**Exercise aim:** Return, from the listing below, every line that includes "water".
*** Data provided Section Begins ***
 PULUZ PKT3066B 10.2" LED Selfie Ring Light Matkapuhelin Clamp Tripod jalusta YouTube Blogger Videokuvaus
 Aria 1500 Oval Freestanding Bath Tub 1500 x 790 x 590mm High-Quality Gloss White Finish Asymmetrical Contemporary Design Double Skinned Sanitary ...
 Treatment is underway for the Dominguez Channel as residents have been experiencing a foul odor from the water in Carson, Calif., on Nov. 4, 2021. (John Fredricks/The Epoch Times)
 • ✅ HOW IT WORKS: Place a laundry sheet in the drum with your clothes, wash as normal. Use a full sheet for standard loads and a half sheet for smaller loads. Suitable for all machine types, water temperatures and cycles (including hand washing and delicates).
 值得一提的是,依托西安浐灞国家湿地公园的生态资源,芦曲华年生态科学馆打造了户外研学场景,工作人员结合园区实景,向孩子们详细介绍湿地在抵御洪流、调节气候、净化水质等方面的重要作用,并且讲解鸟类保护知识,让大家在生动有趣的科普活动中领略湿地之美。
*** Data provided Section Ends ***
*** Data provided Section Begins ***
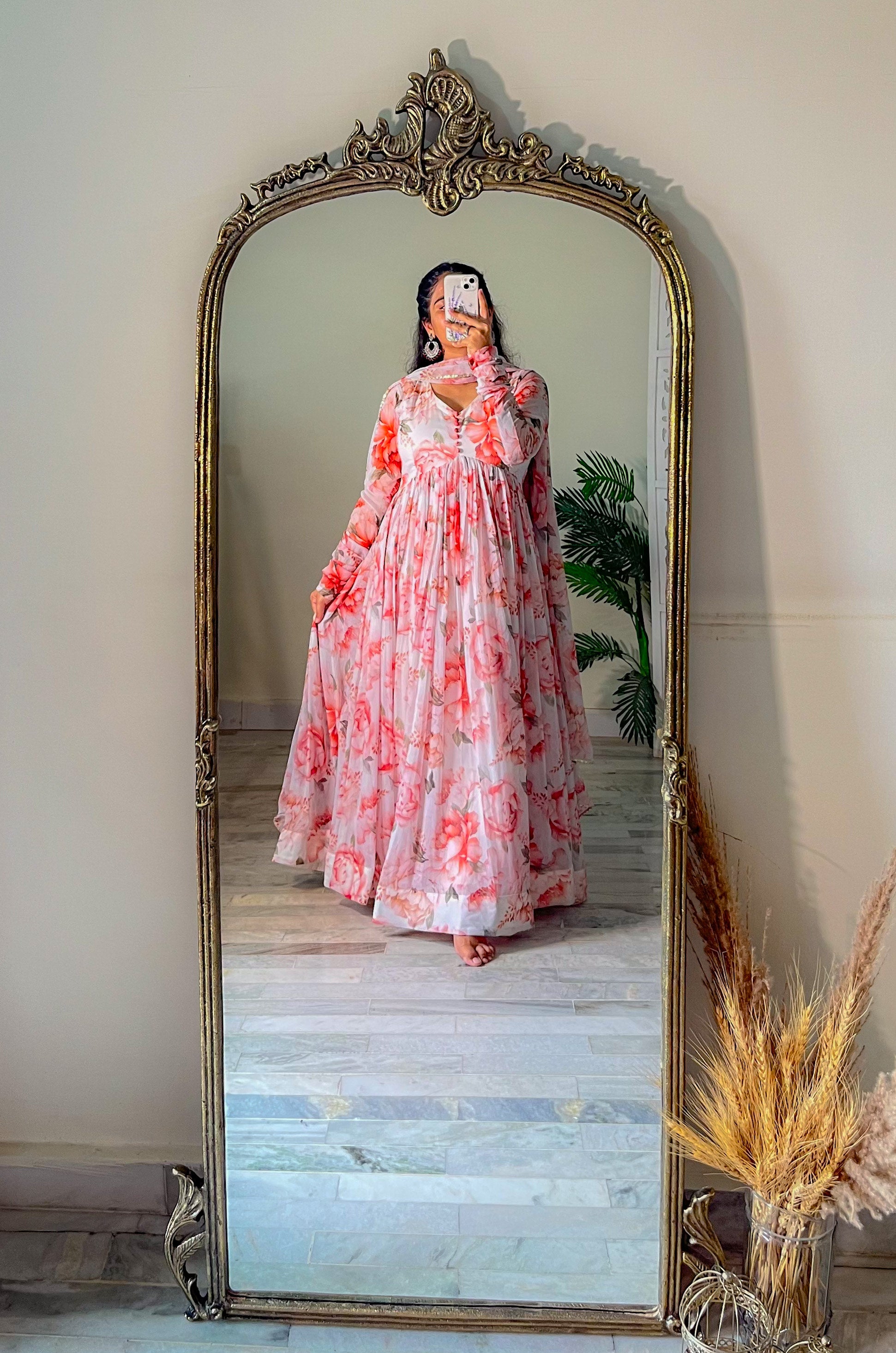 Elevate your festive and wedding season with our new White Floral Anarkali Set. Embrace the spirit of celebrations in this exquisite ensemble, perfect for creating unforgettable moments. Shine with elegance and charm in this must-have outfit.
*** Data provided Section Ends ***
*** Data provided Section Begins ***
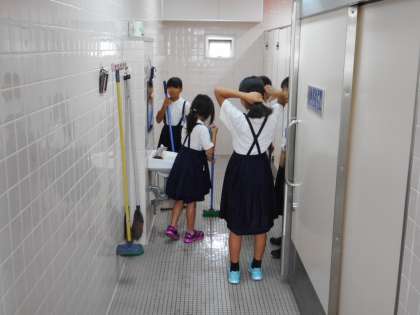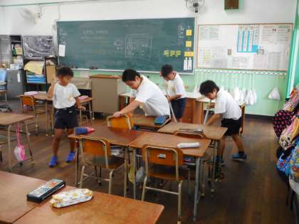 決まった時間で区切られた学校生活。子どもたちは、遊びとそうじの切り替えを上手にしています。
*** Data provided Section Ends ***
**Response to the exercise:**
 Treatment is underway for the Dominguez Channel as residents have been experiencing a foul odor from the water in Carson, Calif., on Nov. 4, 2021. (John Fredricks/The Epoch Times)
 • ✅ HOW IT WORKS: Place a laundry sheet in the drum with your clothes, wash as normal. Use a full sheet for standard loads and a half sheet for smaller loads. Suitable for all machine types, water temperatures and cycles (including hand washing and delicates).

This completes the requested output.